Repeat every line of the data exactly; no picture belongs in the copy.
********************
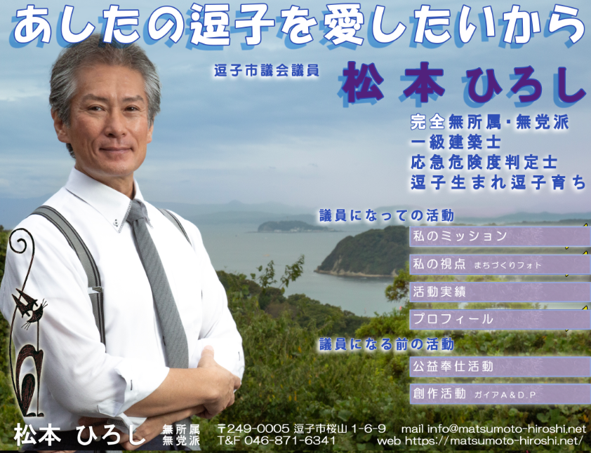 私は、逗子生まれ逗子育ちの建築家・デザイナーです。 自らの職能と二十年来の公益奉仕活動の経験、そして何より郷里への愛情をもって「逗子ならではの豊かさ」を追求します。
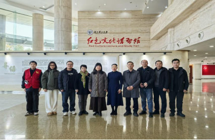 到访人员。贺俊杰副院长介绍了浙江理工大学马克思主义学院的历史沿革、基本情况,并着重分享了学院红色文化研究的发展历程和取得的标志性成果以及大中小思政教育一体化建设推进情况。王艳娟副院长以“红馆建设与红色宣讲实践”为主题进行分享,详细介绍了学院红色文化品牌建设的历程及其在传播红色文化方面的重要价值。学院一行还在章迪薇副院长的带领下实地参观了该校“红色文化讲习馆”“丝绸博物馆”和“蚕学馆”,深入了解其“大思政课”实践育人教学改革模式。双方还围绕红色文化建设、大中小学思政教育一体化建设、人才培养等进行了深入交流。
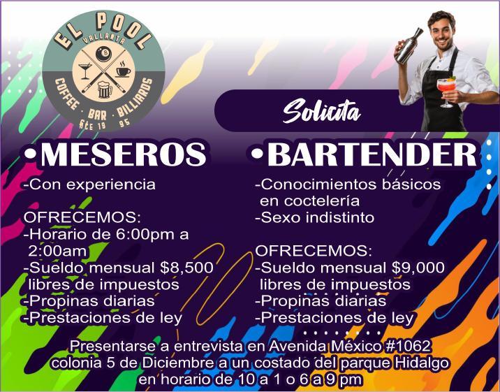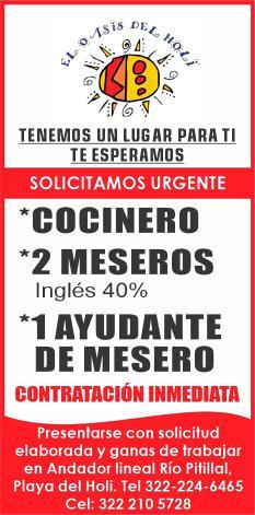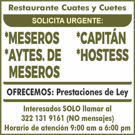 Se solicitan urgentes meseros, ayudantes de meseros, capitán y hostess. Solo llamadas de 9:00 am a 6:00 pm, no mensajes al. 322 13 191-61.+
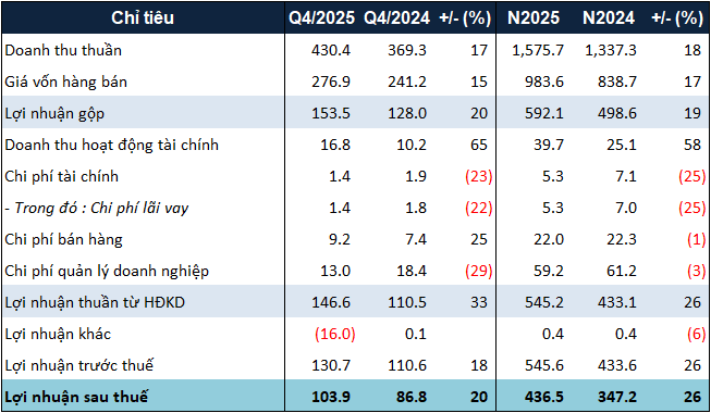 Theo đó, PDN lãi sau thuế gần 104 tỷ đồng trong quý 4/2025, tăng 20% so với cùng kỳ.
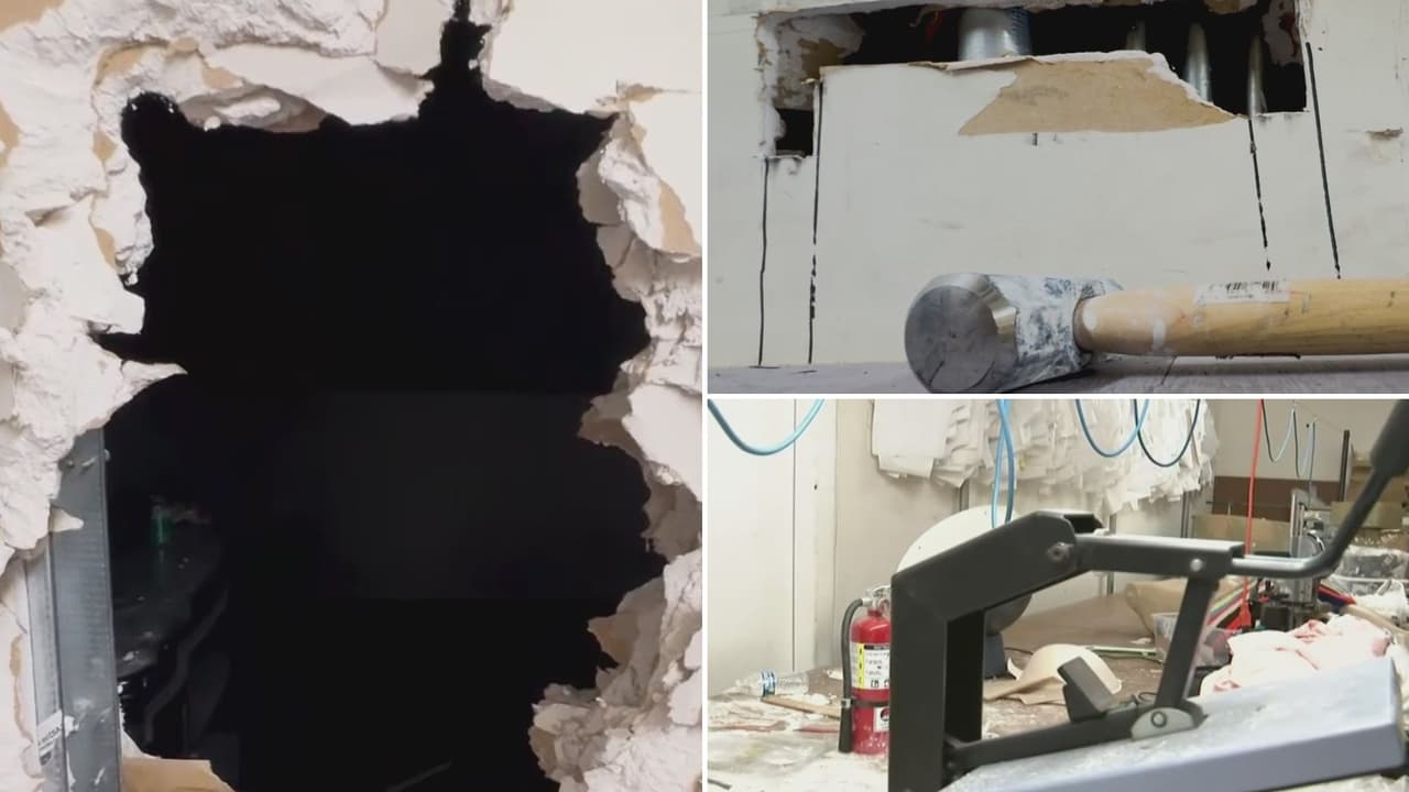 Los delincuentes llegaron a un edificio del Distrito de la Moda de Los Ángeles, entraron a uno de los negocios y con mazos rompieron las paredes para desplazarse a los otros, robando maquinaria, mercancías, cajas fuertes e incluso los ahorros de algunos propietarios, lo que representa un fuerte golpe para su economía.
********************
▶ Answer to this problem:
 私は、逗子生まれ逗子育ちの建築家・デザイナーです。 自らの職能と二十年来の公益奉仕活動の経験、そして何より郷里への愛情をもって「逗子ならではの豊かさ」を追求します。
 到访人员。贺俊杰副院长介绍了浙江理工大学马克思主义学院的历史沿革、基本情况,并着重分享了学院红色文化研究的发展历程和取得的标志性成果以及大中小思政教育一体化建设推进情况。王艳娟副院长以“红馆建设与红色宣讲实践”为主题进行分享,详细介绍了学院红色文化品牌建设的历程及其在传播红色文化方面的重要价值。学院一行还在章迪薇副院长的带领下实地参观了该校“红色文化讲习馆”“丝绸博物馆”和“蚕学馆”,深入了解其“大思政课”实践育人教学改革模式。双方还围绕红色文化建设、大中小学思政教育一体化建设、人才培养等进行了深入交流。
 Se solicitan urgentes meseros, ayudantes de meseros, capitán y hostess. Solo llamadas de 9:00 am a 6:00 pm, no mensajes al. 322 13 191-61.+
 Theo đó, PDN lãi sau thuế gần 104 tỷ đồng trong quý 4/2025, tăng 20% so với cùng kỳ.
 Los delincuentes llegaron a un edificio del Distrito de la Moda de Los Ángeles, entraron a uno de los negocios y con mazos rompieron las paredes para desplazarse a los otros, robando maquinaria, mercancías, cajas fuertes e incluso los ahorros de algunos propietarios, lo que representa un fuerte golpe para su economía.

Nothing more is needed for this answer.